Niche partitioning of the ubiquitous and ecologically relevant NS5 marine group

Affiliations

Niche partitioning of the ubiquitous and ecologically relevant NS5 marine group

Taylor Priest et al. ISME J. 2022 Jun.

Abstract

Niche concept is a core tenet of ecology that has recently been applied in marine microbial research to describe the partitioning of taxa based either on adaptations to specific conditions across environments or on adaptations to specialised substrates. In this study, we combine spatiotemporal dynamics and predicted substrate utilisation to describe species-level niche partitioning within the NS5 Marine Group. Despite NS5 representing one of the most abundant marine flavobacterial clades from across the world's oceans, our knowledge on their phylogenetic diversity and ecological functions is limited.

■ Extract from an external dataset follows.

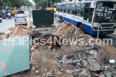 Photo Caption : Drainage work at 7th Block, Giri Nagar has been delayed and causing problems to the motorists, in Bengaluru on Tuesday 2nd July 2019

Using novel and database-derived 16S rRNA gene and ribosomal protein sequences, we delineate the NS5 into 35 distinct species-level clusters, contained within four novel candidate genera. One candidate species, "Arcticimaribacter forsetii AHE01FL", includes a novel cultured isolate, for which we provide a complete genome sequence-the first of an NS5-along with morphological insights using transmission electron microscopy. Assessing species' spatial distribution dynamics across the Tara Oceans dataset, we identify depth as a key influencing factor, with 32 species preferring surface waters, as well as distinct patterns in relation to temperature, oxygen and salinity. Each species harbours a unique substrate-degradation potential along with predicted substrates conserved at the genus-level, e.g. alginate in NS5_F. Successional dynamics were observed for three species in a time-series dataset, likely driven by specialised substrate adaptations. We propose that the ecological niche partitioning of NS5 species is mainly based on specific abiotic factors, which define the niche space, and substrate availability that drive the species-specific temporal dynamics.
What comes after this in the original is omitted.